Bedrock gives direct answers:

In [23]:
f = dfs['bedrock'].question == 'What is the product of 9 and 8?'
print(dfs['bedrock'][f].answer.sample(1).values[0])

The product of 9 and 8 is 72.


### Tokens per second

On a single A100 PCIe 40GB, NIM is comparable to Bedrock.

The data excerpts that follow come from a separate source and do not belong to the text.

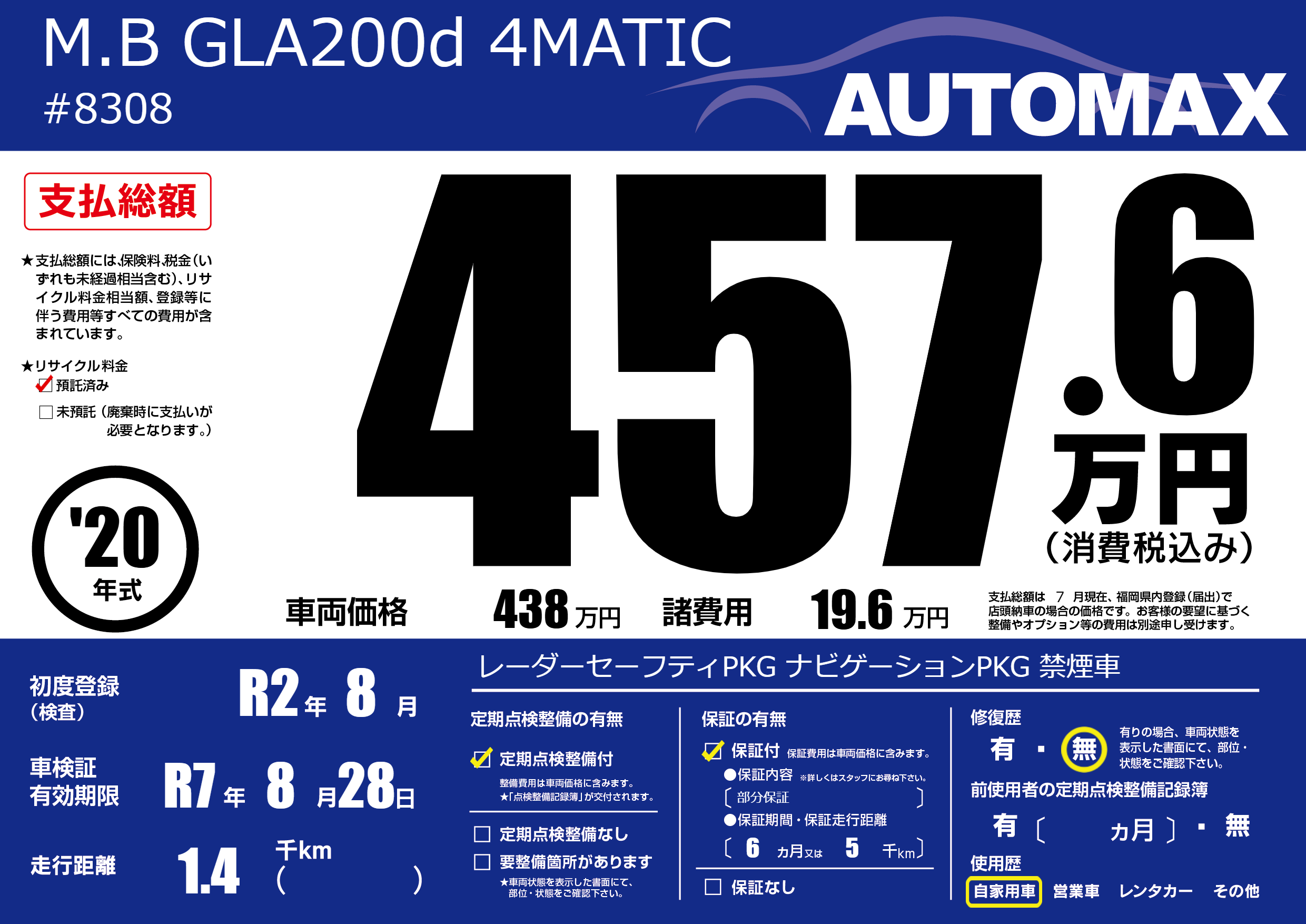 | 車名 | M.B GLA200d 4MATIC | グレード ミッション 排気量 |
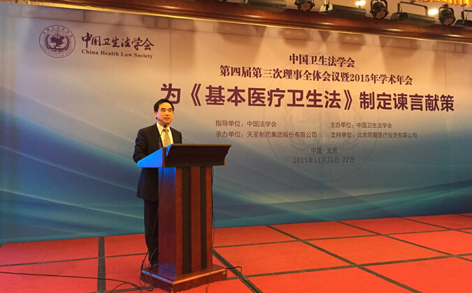 2015年11月20日至 22日,由中国法学会指导、中国卫生法学会主办、天圣制药集团股份有限公司承办的中国卫生法学会第四届第三次理事全体会议暨2015年学术年会在北京瑞安宾馆隆重举行。本次大会的主题是“为基本医疗卫生立法谏言献策”,具体的会议议题涵括了基本医疗卫生法的立法模式、健康权的宪法保障、公共卫生法律制度、基本药物制度、基本医疗保险制度、基本医疗救助制度等多个方面。我院陈云良教授,邵华副教授,陈海嵩副教授,博士后李现红老师,博士生徐巍、赵伟,硕士生曾荣峰、催雪炜、叶燕谟、翁雯出席会议。
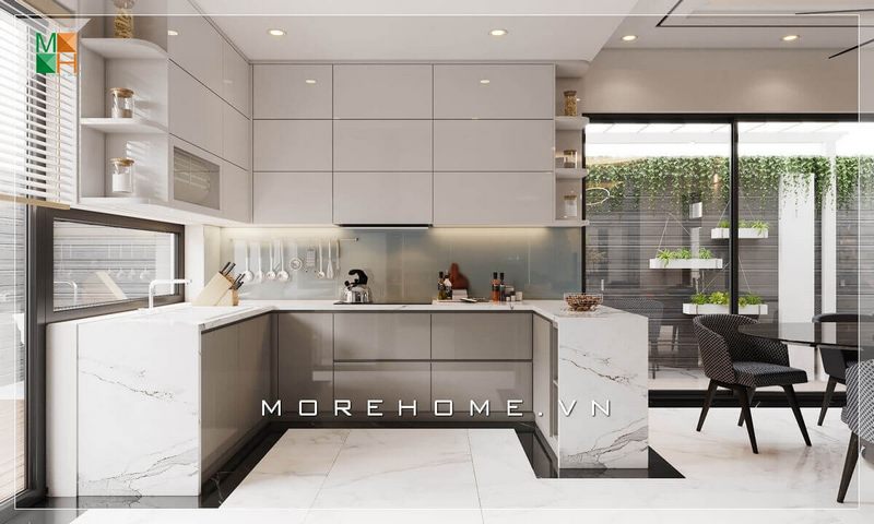 Mẫu tủ bếp trắng gỗ hiện đại và cao cấp sẽ làm cho không gian bếp trở nên thuận tiện hơn.

Bedrock is in ~50-100% faster.

In [24]:
dfs['nim'].total_tokens_per_s.describe()

count    31.000000
mean     21.073136
std       2.799930
min      19.315702
25%      19.796298
50%      20.183843
75%      20.680159
max      30.799143
Name: total_tokens_per_s, dtype: float64

In [25]:
dfs['bedrock'].total_tokens_per_s.describe()

count    63.000000
mean     36.293408
std       7.050787
min      22.931709
25%      31.795636
50%      35.788922
75%      39.818046
max      52.125832
Name: total_tokens_per_s, dtype: float64

### Cost

Bedrock charges by tokens, so we can simply sum up the tokens (see a few cells above for the pre-processing).

In [26]:
print('Bedrock processed and generated a total of %s tokens, costing ~$%s.' % (
    (dfs['bedrock']['in_token_count'] + dfs['bedrock']['out_token_count']).sum(),
    round(dfs['bedrock']['cost'].sum(), 3)
))

Bedrock processed and generated a total of 20043 tokens, costing ~$0.068.


NIM on the other hand has no variable cost beyond paying for the energy or renting the GPU you run code on. 
In this example, the peak GPU utilization measured on the server where we ran the NIM container never reached 1%. 
The server on Coreweave cost us ~$10.00/hour. 

In [27]:
hourly_rate = 10.00
utilization_rate = 0.01
sim_time_hrs = 1/6

print('The NIM container processed and generated a total of %s tokens, costing ~$%s.' % (
    (dfs['nim']['in_token_count'] + dfs['nim']['out_token_count']).sum(),
    round(hourly_rate * utilization_rate * sim_time_hrs, 3)
))

The NIM container processed and generated a total of 12009 tokens, costing ~$0.017.


This is just meant to give you a rough sense of the cost dynamics. 
GPU utilization likely won't scale exactly linearly for your use cases, 
so only extrapolate within reason and make sure to test for yourself.